--- Material for this task ---

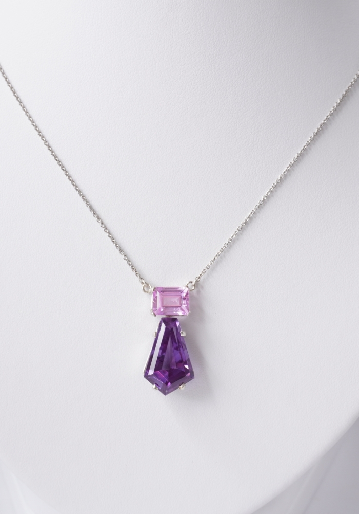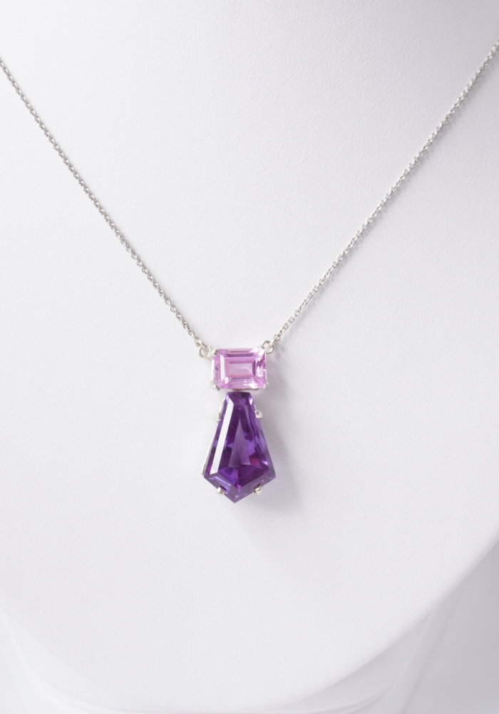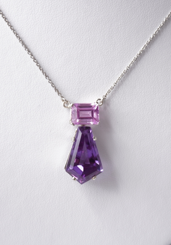 Colgante de plata 925 en combinación con dos piedras, amatista y rosa de Francia.
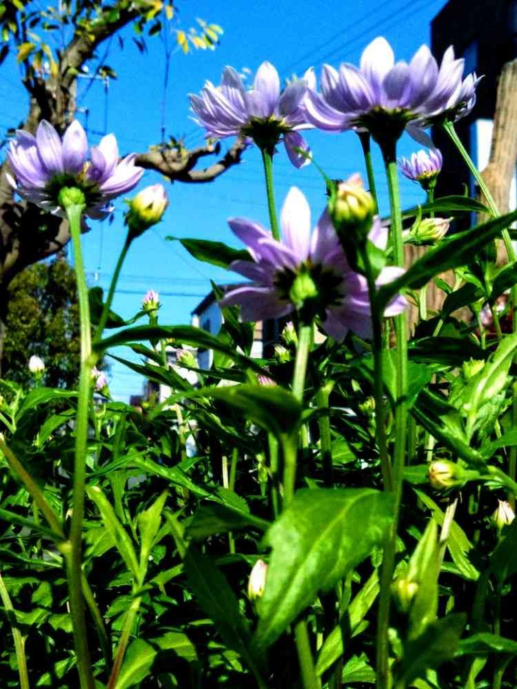 みさと公園入口にある、都忘れと青い空が、綺麗でした。
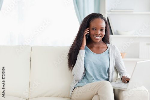 20s, young adult, woman, female, black, call, calling, mobile phone, mobile phone, communicate, communication, computer, connection, connectivity, conversation, couch, home, indoor, interior, cyberspace, laptop, leisure, mobile, mobility, modern, notebook, phone, sitting, sofa, talk, technology, wireless, cellular, smile, talking, phone, living room, mobile phone, phone call
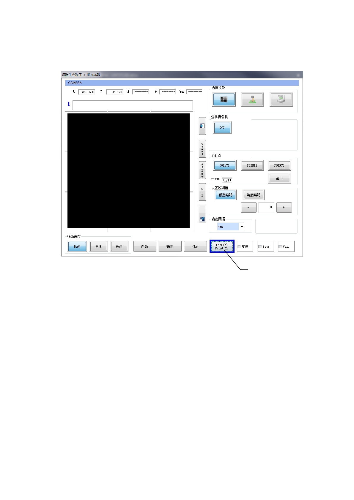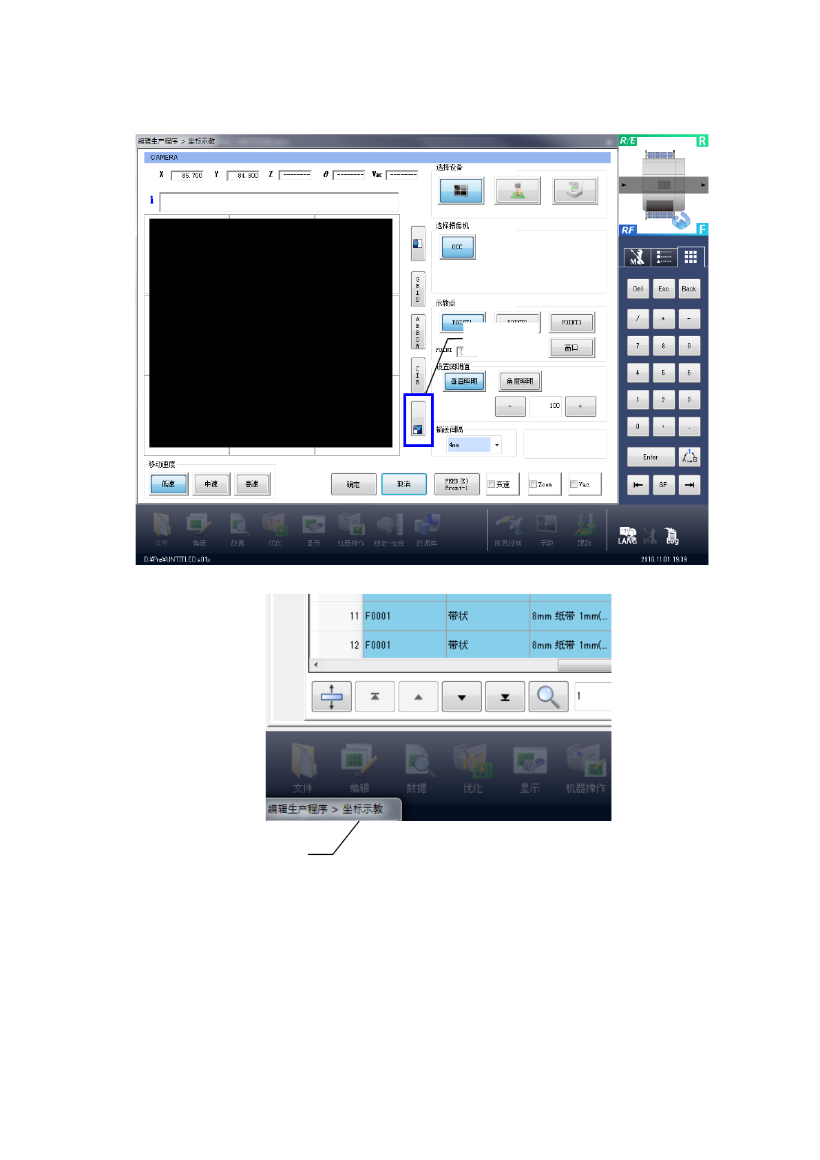 栏的[示教]。但必须预先在编辑程序中输入标记的 XY 坐标。
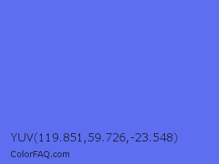 YUV 119.851,59.726,-23.548 Color is a light blue color and the nearest color is Very Light Blue #6666ff. Hex code #5d6ef1 and RGB value is rgb(93,110,241). In RGB color space, this color is composed of 36% red, 43% green, 95% blue, In CMYK color space, this color is composed of 61% cyan, 54% magenta, 0% yellow , 5% black , In HSL color space, this color has a hue angle of 233° , 84% saturation and 65% lightness.
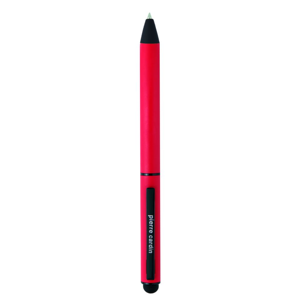 Luxusné guľôčkové pero Pierre Cardin v módnej farbe s hliníkovým telom a gumovou povrchovou úpravou, ktorá je veľmi príjemná na dotyk. Pero má čierne detaily a stylus. Obsahuje kvalitnú modrú náplň s hrotom 0,7 mm. Balené v luxusnom puzdre Pierre Cardin, dodávané s certifkátom pravosti. Rozmery: guľôčkové pero 1 × 14 cm; balenie 5,5 × 15,5 cm.
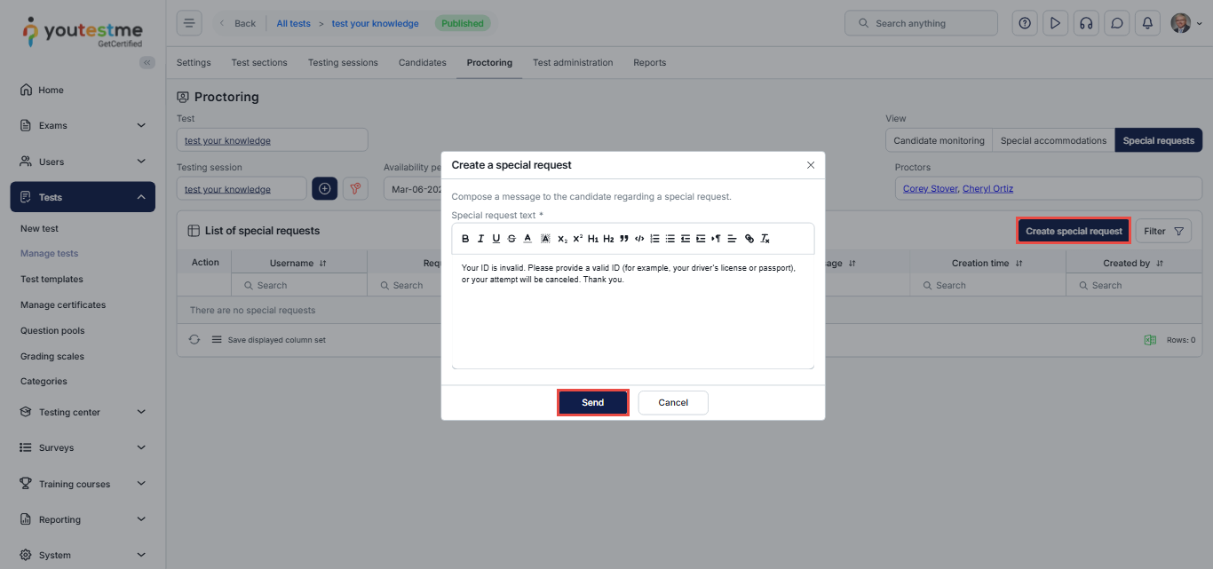 If the ID is deemed invalid, the proctor uses the Special Request feature to request a valid photo of the ID.
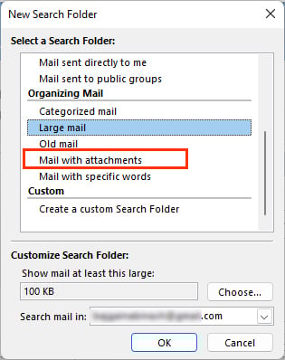Om alle e-mails met bijlagen eruit te filteren, selecteert u de optie E-mail met bijlagen op de prompt Nieuwe zoekmap.
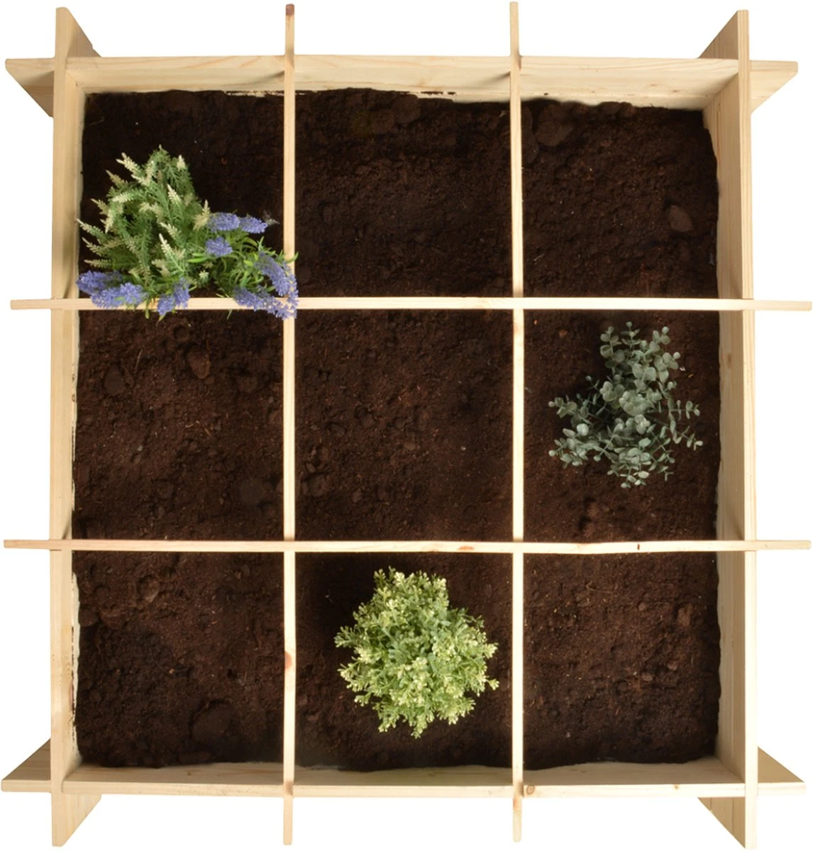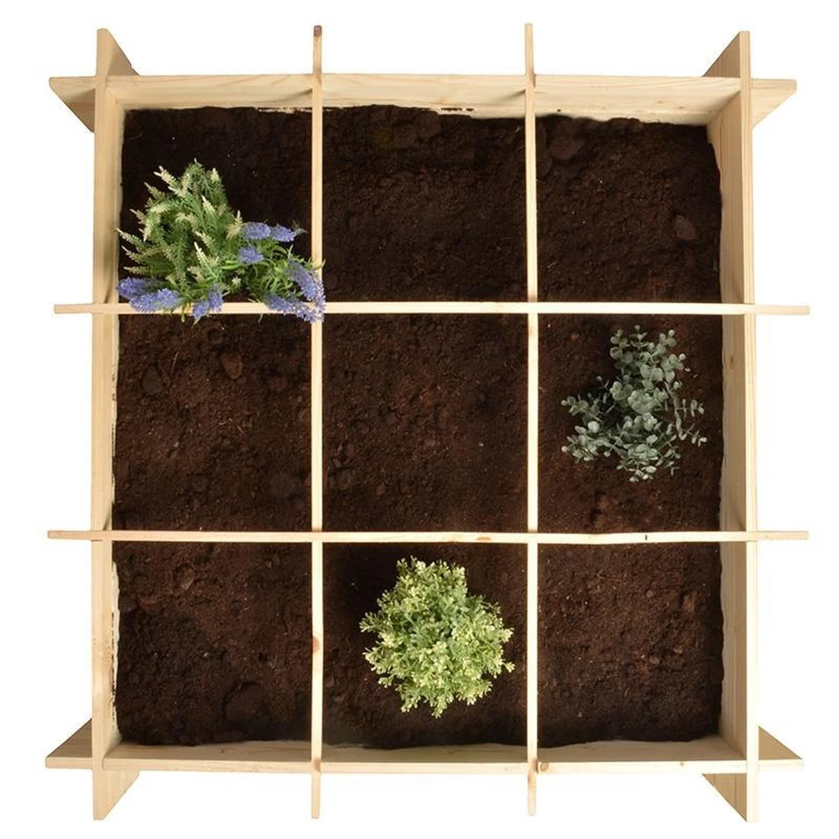 Creëer snel en eenvoudig een compacte moestuin. Met de meegeleverde scheidingslatten ontstaan 9 vakken, die individueel gevuld kunnen worden (denk hierbij aan keukenkruiden, tomaten-, courgetteplanten etc.). Het inbegrepen worteldoek zorgt ervoor dat de grond in de vierkante meter tuin blijft, en bovendien onkruidvrij. Dus ideaal voor stadstuinen en balkons.
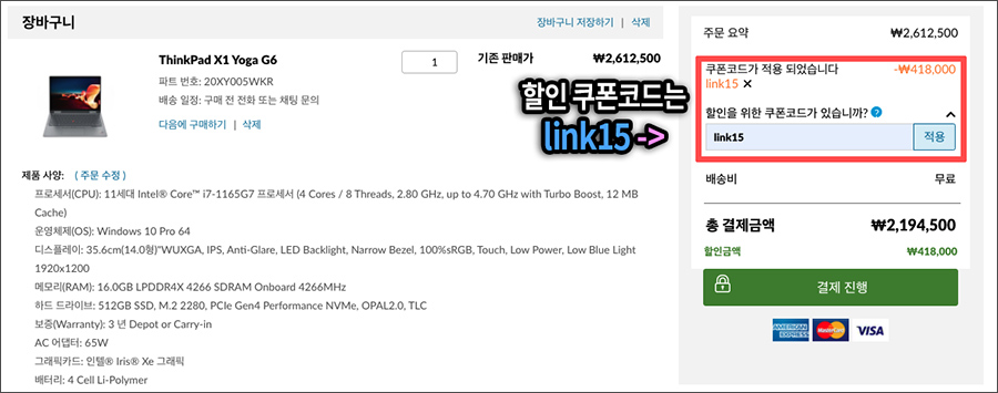 레노버 씽크패드 X1 요가 6세대 할인 쿠폰코드 'link15'
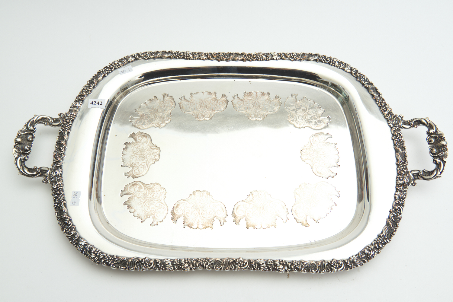 A LARGE SILVERPLATE ON COPPER TWO HANDLED FLORAL AND FOLIATE DECORATED RECTANGULAR SERVING TRAY, 60 X 37CM, LEONARD JOEL LOCAL DELIVERY SIZE: SMALL
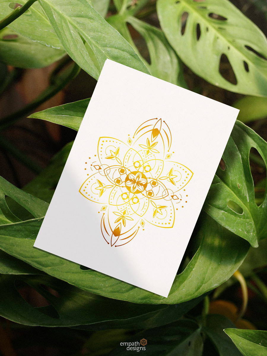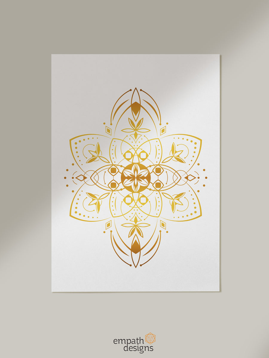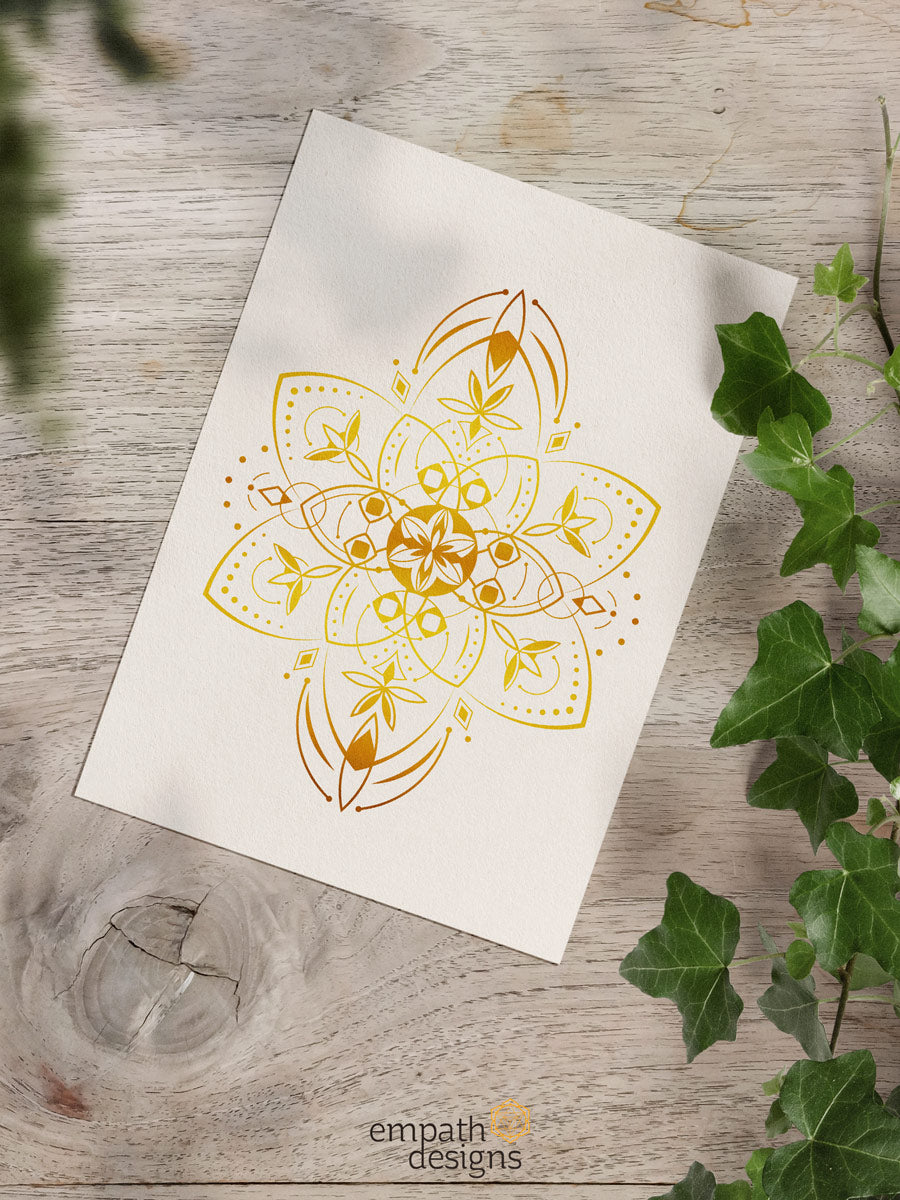 The Starseeds artwork collection consists of a unique golden mandala, symbolizing the universal light that binds us all.
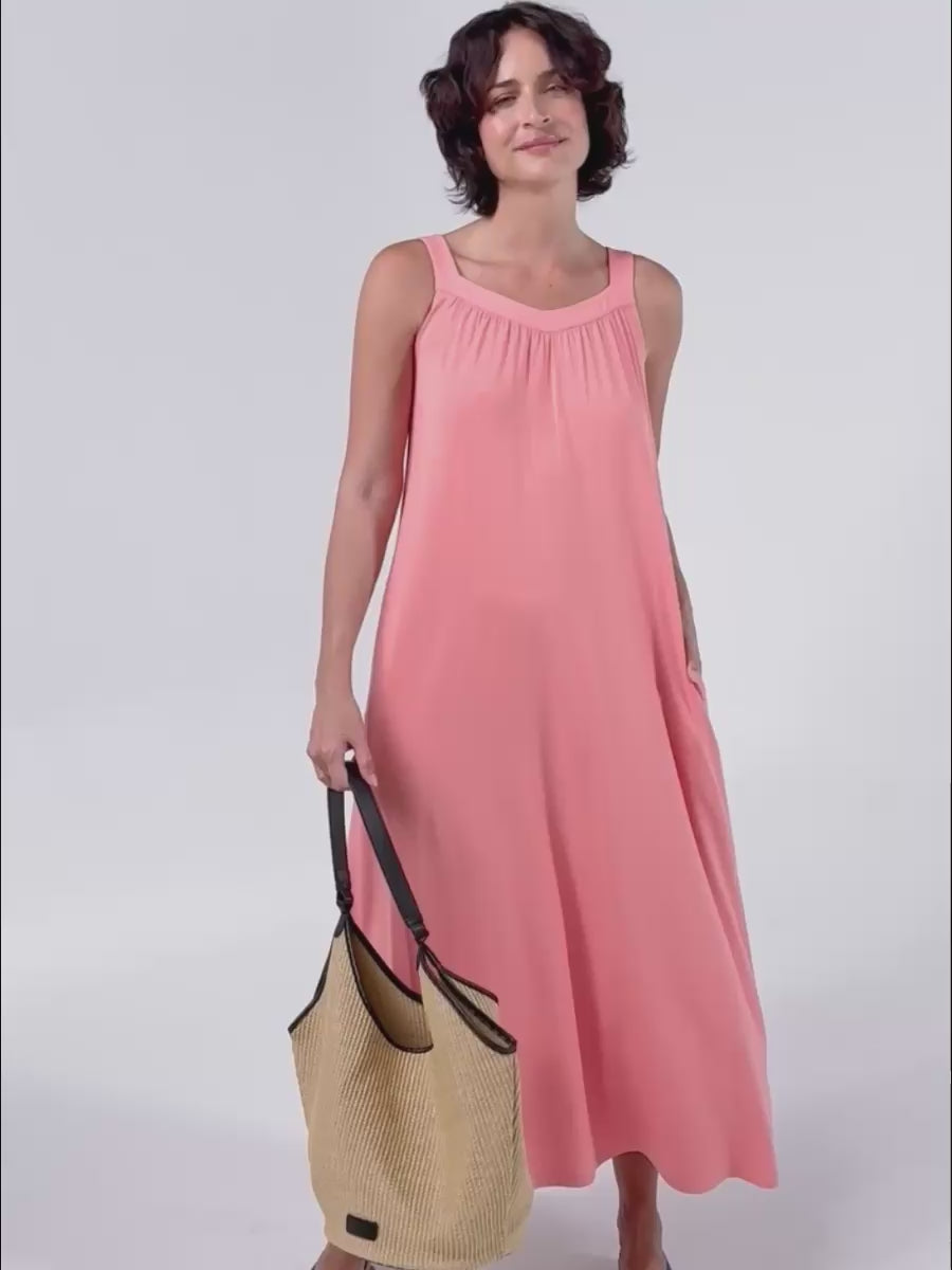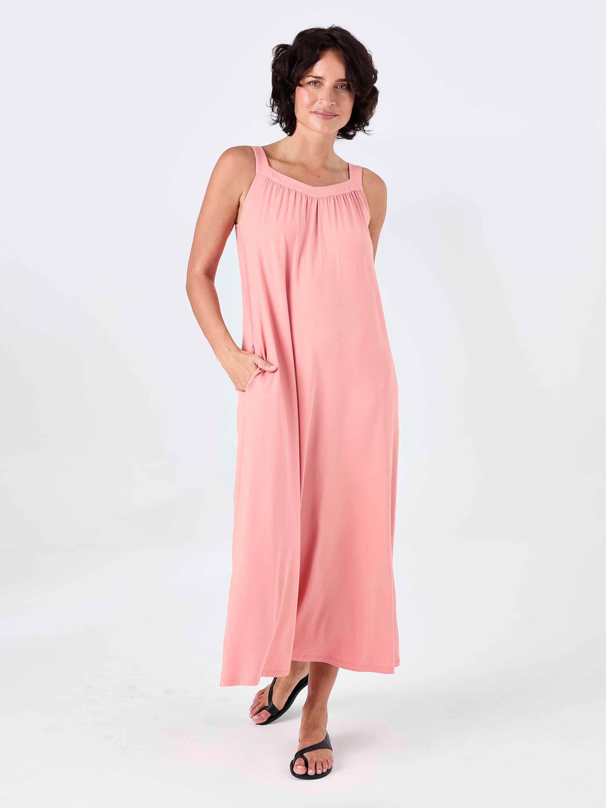 Soft, relaxed and effortlessly feminine, this is the dress you’ll reach for all season long. Designed to move beautifully with you, its floaty silhouette drapes with ease, creating a light, airy feel that’s as comfortable as it is flattering.The softly gathered neckline adds gentle texture and shape, elevating the simplicity of the design while keeping it relaxed and wearable.Perfect for beach days layered over swim, long lunches in the sun, or styled with sandals and statement earrings for easy evening vibes — this is versatility at its most effortless.
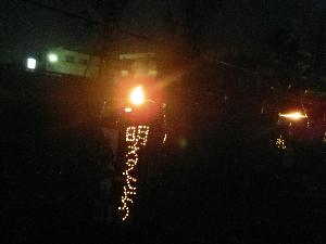 | カブ隊、点灯式。 先週の集会で作った メッセージランタンに 明かりを点します。 東北の方向に向かって 黙祷をささげました。 |
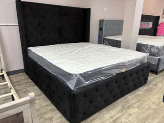 🖤 Brand New Black Upholstered Tufted King And Queen Size Platform Bed Frame/Headboard - Opt Mattress • Pay After Delivery 🚚$445Atlanta, GA
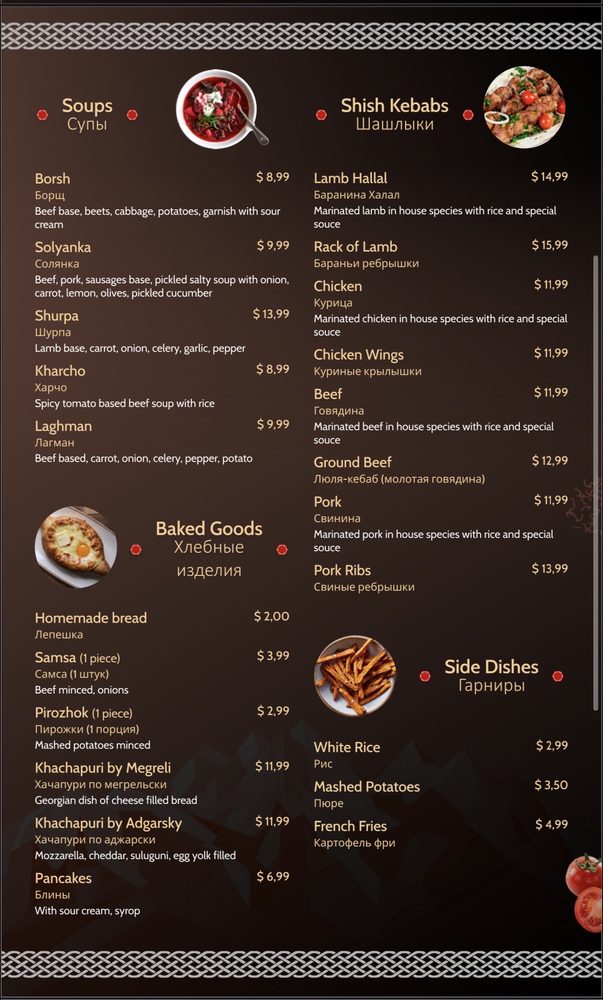 Welcome to Kavkaz Restaurant, a hidden gem nestled in Loganton, PA, celebrated for its authentic Middle Eastern cuisine. This family-friendly spot offers a cozy, welcoming atmosphere, perfect for groups and kids alike. With a diverse menu featuring options like the beloved Beef Stroganoff and unforgettable homemade bread, Kavkaz combines comfort with quality, ensuring each dish is prepared with love and care.

---

**Task instructions**
Using the entries above, extract exactly the lines from the one that contains "20s, young adult, woman, female, black, call, calling, mobile" through the one that contains "Om alle e-mails". Do not carry over any pictures.

**Written solution**
 20s, young adult, woman, female, black, call, calling, mobile phone, mobile phone, communicate, communication, computer, connection, connectivity, conversation, couch, home, indoor, interior, cyberspace, laptop, leisure, mobile, mobility, modern, notebook, phone, sitting, sofa, talk, technology, wireless, cellular, smile, talking, phone, living room, mobile phone, phone call
 栏的[示教]。但必须预先在编辑程序中输入标记的 XY 坐标。
 YUV 119.851,59.726,-23.548 Color is a light blue color and the nearest color is Very Light Blue #6666ff. Hex code #5d6ef1 and RGB value is rgb(93,110,241). In RGB color space, this color is composed of 36% red, 43% green, 95% blue, In CMYK color space, this color is composed of 61% cyan, 54% magenta, 0% yellow , 5% black , In HSL color space, this color has a hue angle of 233° , 84% saturation and 65% lightness.
 Luxusné guľôčkové pero Pierre Cardin v módnej farbe s hliníkovým telom a gumovou povrchovou úpravou, ktorá je veľmi príjemná na dotyk. Pero má čierne detaily a stylus. Obsahuje kvalitnú modrú náplň s hrotom 0,7 mm. Balené v luxusnom puzdre Pierre Cardin, dodávané s certifkátom pravosti. Rozmery: guľôčkové pero 1 × 14 cm; balenie 5,5 × 15,5 cm.
 If the ID is deemed invalid, the proctor uses the Special Request feature to request a valid photo of the ID.
Om alle e-mails met bijlagen eruit te filteren, selecteert u de optie E-mail met bijlagen op de prompt Nieuwe zoekmap.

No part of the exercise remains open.